Auch muss man feststellen ,dass die von den Kommentatoren angesprochene Gleich-Schaltung der Medien tatsächlich eine Form angenommen hat ,die es den Bürgern sehr erschwert sich eine fundierte Meinung über die gegenwärtige Krise und politischen Abwehrkämpfe gegen die Finanzindustrie zu gewinnen!
Maßgeblich wäre diese Schmalspur -Diskussion ,dass es um die europäische Währung Euro ginge ,nun endlich mal außen vor zu lassen.

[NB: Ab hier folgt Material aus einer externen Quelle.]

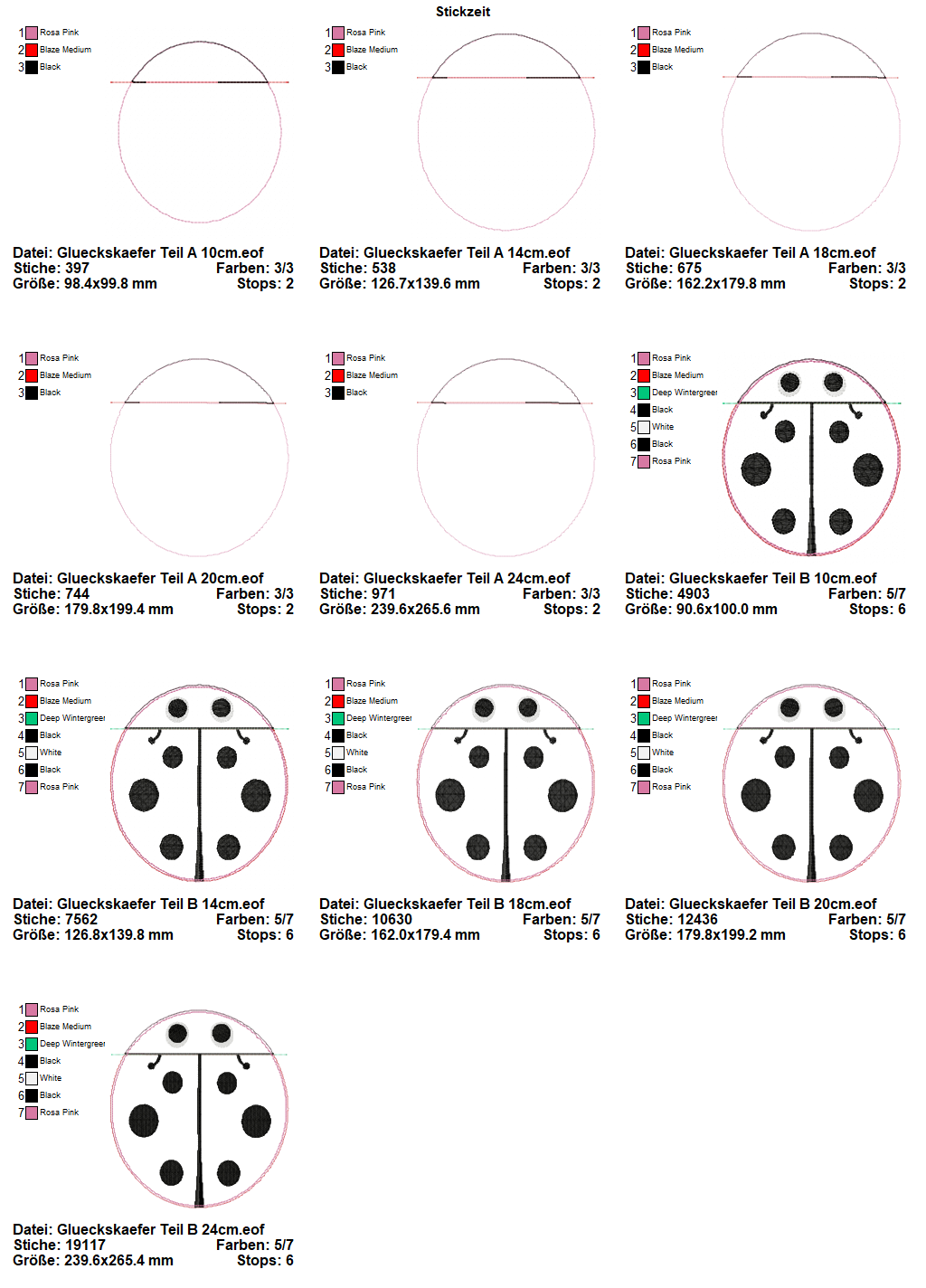 5 teiliges ITH-Stickdatei Set - Glückskäfer Marienkäfer - ab dem 10x10 Rahmen zu sticken.

Es geht um die Grundsatz -Frage :
Entweder hin zu einer Schaffung einer koordinierten europäischen Finanz -Wirtschafts- und Sozialpolitik oder aber zu einer Aufspaltung des europäischen Wirtschaftsraumes zu -mehr oder weniger - nationalen Einfluss-Sphären.
Und es ist gerade ein maßgeblicher Teil der deutschen sog. Elite in Politik und Ökonomie ,die von einer Rückkehr zur nationalen Währung träumt
Die meiner Meinung nach negative Alternative ist
ein europäischer Wirtschaftsraum ,der die nationale deutsche Austeritäts-Politik der letzten Jahre für die einheimische Bevölkerung auf den Rest der Europäer ausdehnen will.
Ich verorte in dieser Hinsicht -auch bezogen auf bestimmte Richtungen in Österreich und den Niederlanden, Finnland - so etwas wie eine Nord -europäische , rechts-populistische Bewegung!
Wie sich die Lebensbedingungen für die breite Masse in solch einem Spaltungs- Europa eigentlich entwickeln soll ,dies wird nicht diskutiert.
Da träumen einige von einer Wieder -Einführung der DM.
Andere von einer deutschen Sparpolitik a la schwäbische Hausfrau für das gesamte restliche Europa!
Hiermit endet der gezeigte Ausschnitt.